Who Pays Interest on Cryptocurrency?
Every defi platform is a little different. Funds generally come from cryptocurrency network fees, interest paid by borrowers, or interest paid by the platform itself.
Is Cryptocurrency Income Taxable?
Income is taxable no matter what the source is. If you've held a cryptocurrency for more than one year and cashed it in for an increase in value, it's considered a capital gain. It's best to consult with a tax professional or use tax software to learn how to handle cryptocurrency income and whether it’s taxed in your situation.
What Portion of My Portfolio Should Be in Cryptocurrency?
Everyone has unique investment goals and risk tolerance. Cryptocurrency isn’t for everyone, and there’s no right or wrong answer to the percentage of your portfolio that belongs in crypto. If you’re not sure how to proceed, it may be best to work with a financial advisor with more understanding of the nuances of investing.
The Bottom Line
Passive income through crypto is easy to earn and an interesting opportunity to diversify your investments and earnings. With high rates that far outpace what you get from a bank, you may be drawn to the excitement of the cryptocurrency world. If you time it right and your crypto investment increases in value, you are double-dipping with interest and investment gains.

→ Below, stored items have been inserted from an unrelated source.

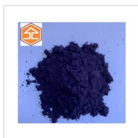
Violet 8 Methyl Violet Base Solvent Dyes
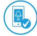
ALARMS & ALERTS
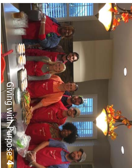
Giving with Purpose 4
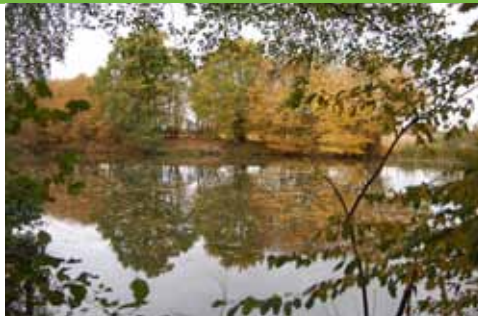
Lake Near Park Farm
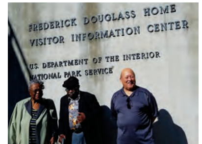
Frederick Douglass Home
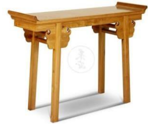
2-4 long table

The unique shape of Ming-style furniture: The designers of furniture are mostly people with a lot of knowledge and very elegant gentlemen. After they design the furniture patterns, they are then handed over to the woodworkers with good craftsmanship, so the shape of the furniture pursues the elements of point, line, surface and body collocation, and the structure is scientific and reasonable, in line with the principle of ergonomics(refer with: Figure 2-1); The exterior outline of the furniture has no complicated decoration, and uses lines to form rich variations, giving users a strong sense of curve beauty(refer with: Figure 2-2); the panel decoration mainly reflects the unique style through the texture of the wood itself, carved patterns with implied meanings(refer with: Figure 2-3), inlays and auxiliary components(refer with: Figure 2-4), etc.
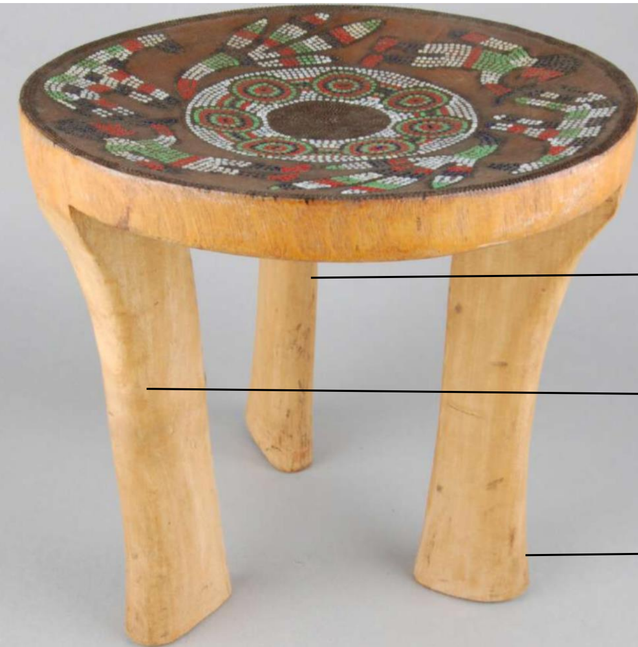
Three-legged carved wooden stool with circular seat

Leg 1: Respect for Environment and the life it sustains; Respect for all including marginalized groups
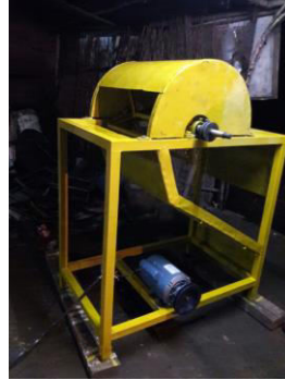
Figure no 9: Assembly of project

The assembly of the project was done as follows:
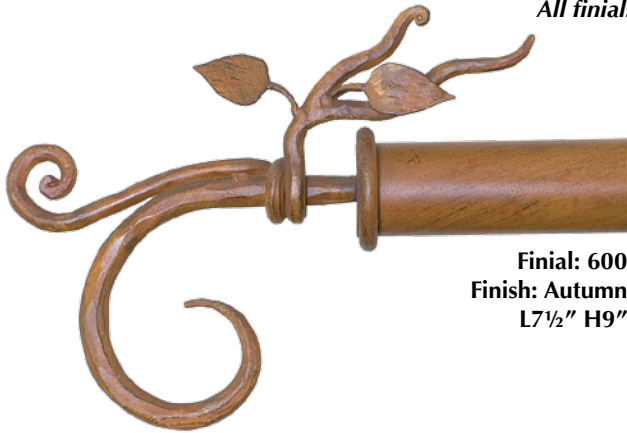
Finial: 600 Finish: Autumn L7½" H9"
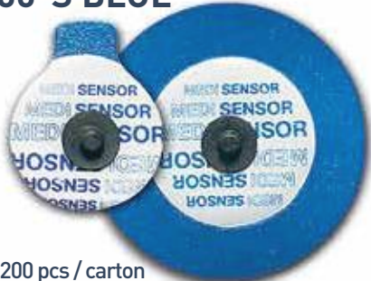
MODEL F 50-S BLUE

50 pcs / pouch – 2000 pcs / carton Packaging 30 pcs / pouch – 1200 pcs / carton
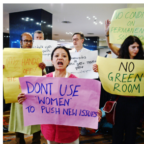
IN DECEMBER, MEMBERS FROM THE OWINFS-NETWORK ARRANGED AN ACTION-PROTEST OUTSIDE THE WTO MINISTERIAL CONFERENCE'S MEETING HALL. ONE OF THE TOPICS IN FOCUS WAS A FULL STOP ON NEW ISSUES INTO THE WTO-NEGOTIATIONS.
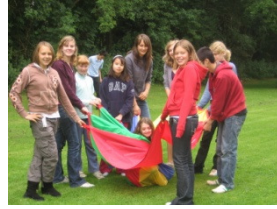
Fun in Clare Park.
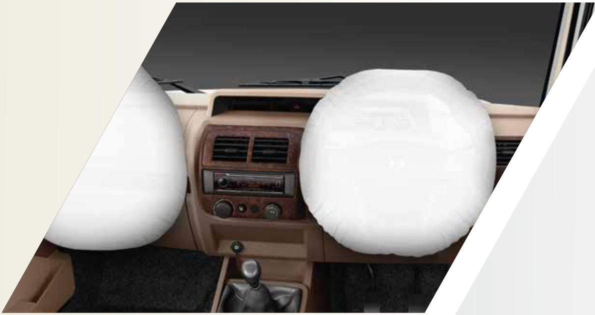
Dual Airbag for additional safety
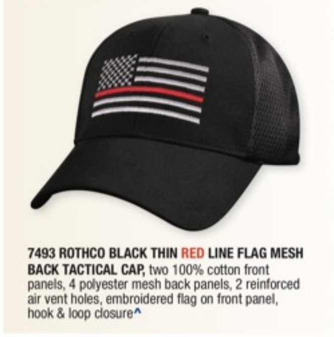
7493 ROTHCO BLACK THIN RED LINE FLAG MESH BACK TACTICAL CAP, two 100% cotton front panels, 4 polyester mesh back panels, 2 reinforced air vent holes, embroidered flag on front panel, hook & loop closure ^

ROTHCO MESH BACK EMBROIDERED TACTICAL CAPS , two 100% cotton front panels, 4 polyester mesh back panels, 2 reinforced air vent holes, embroidered insignia on front panel & brim, sandwich bill, back strap insignia, hook & loop closure
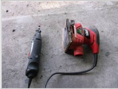
Dremil rotary tool and palm sander 9)

The 1" buffing bits will fit most places and the small 3/8" felt bullet shapes fit into most screw recesses. 8)
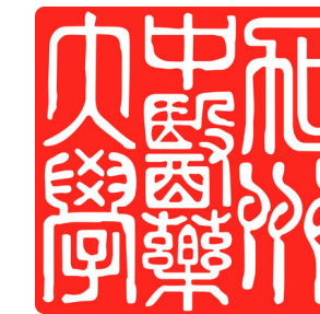
Five Branches University
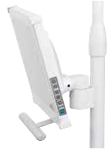
Light monitor mount
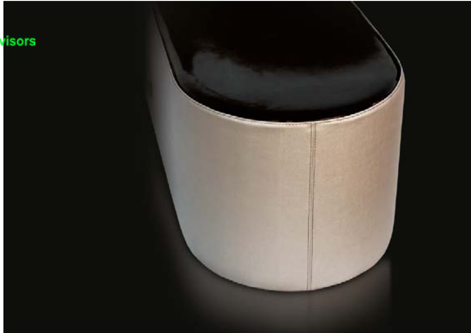
Multilayer and polystyrene structure. Polyurethane padding with different densities. Eco-leather or fabric covering. (available in different color combinations)
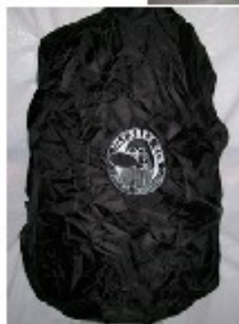
Ulysses Backpack. Has front strap to prevent slipping when riding. Carry your phone, wallet, keys, camera etc. Comes with weather proof cover which tucks away in its own pocket when not needed. Price $28
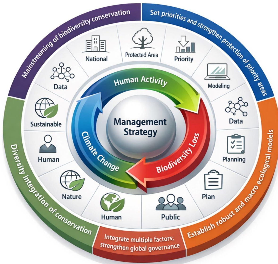
Figure 1 Integrated Framework for Freshwater Biodiversity Conservation and Global Governance
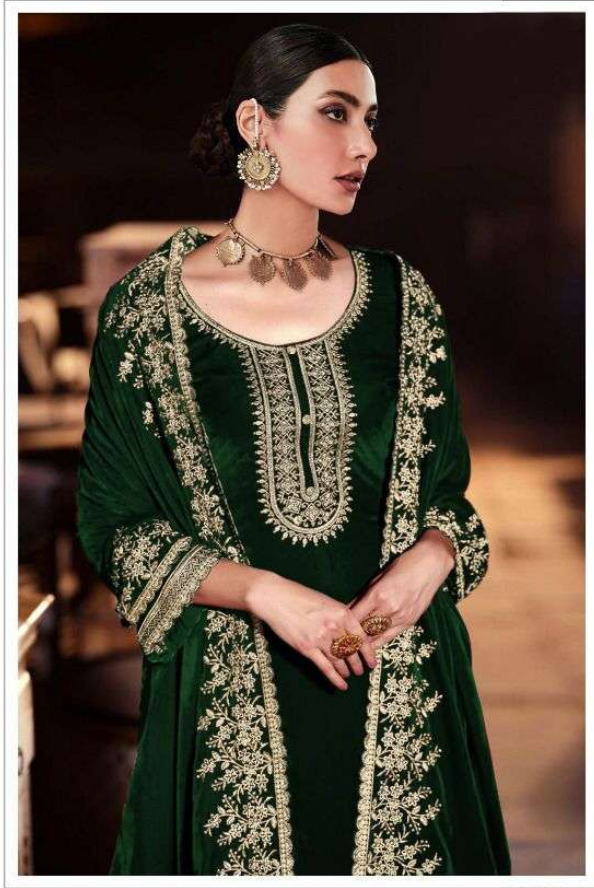
D.NO.160 - B

TOP :- VELVET DUPATTA :- VELVET BOTTOM :- VELVET WORK :- JARI SEQUENCE
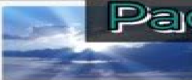
Unit 4: Nuclear Reactions
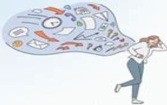
too much information
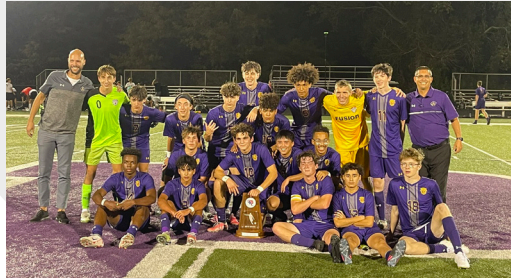
Piper Soccer secures United Kansas Conference Championship

State-Mandated Hearing JBCC Non-Resident Enrollment Policy Monday, November 13 | 6 PM CTE Library | 4410 N 107 St.
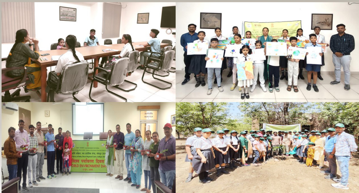
Celebration of “World Environment Day” from 27th May to 5th June, 2024 at DRC Jodhpur
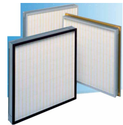
Electronic Air Filters

HVAC AHU, Clean Room and Industrial Applications Supplied w/ Heat Recovery Dehumidifier System
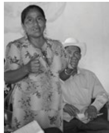
Local Governance Program

In Honduras, military rule ended in 1982 and gave way to a formal democracy with four year government cycles, no possibility of presidential re-election and with the peculiarity of public primary elections the year prior to the general elections. This means that attention is given to party politics and campaigning half the time affecting policy continuity and governance. Moreover, the lack of an effective civil service both at the central government and municipal levels results in a high staff turnover driven by political considerations and clientelism, draining the already weak institutional capacities. The coup d’Etat in 2009, when the Supreme Court ordered the removal of president Zelaya deeply divided the country and raised tensions and political conflictivity. Donors put aid on hold, many diplomatic relations were suspended or downgraded, leaving the country in political isolation.
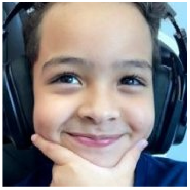
9-Year-Old Professional 'Fortnite' Player Receives Four Year Ban
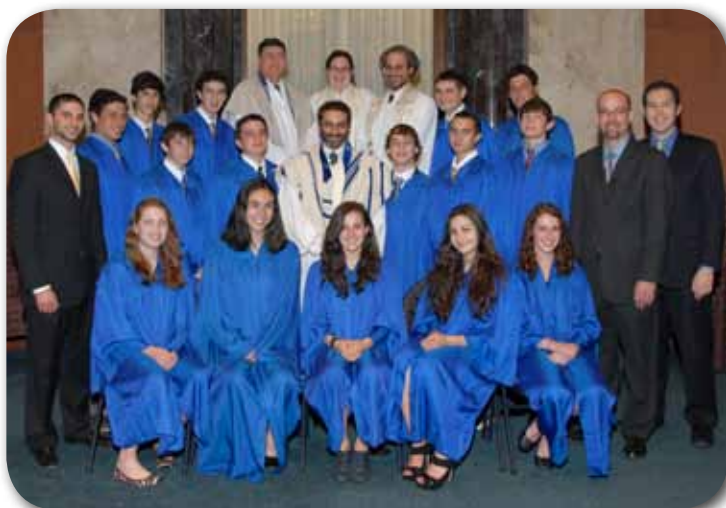
The Adas Israel Confirmation Class of 5770.

However, there’s also a significant risk of losses, and many investors have felt the pain of a cryptocurrency platform bankruptcy and the decline in value of their overall crypto portfolio. Everyone’s risk tolerance and investment goals are unique, so it’s up to you, and perhaps a trusted financial professional, to decide the right balance of crypto income investments—if any—that makes the most sense for your portfolio.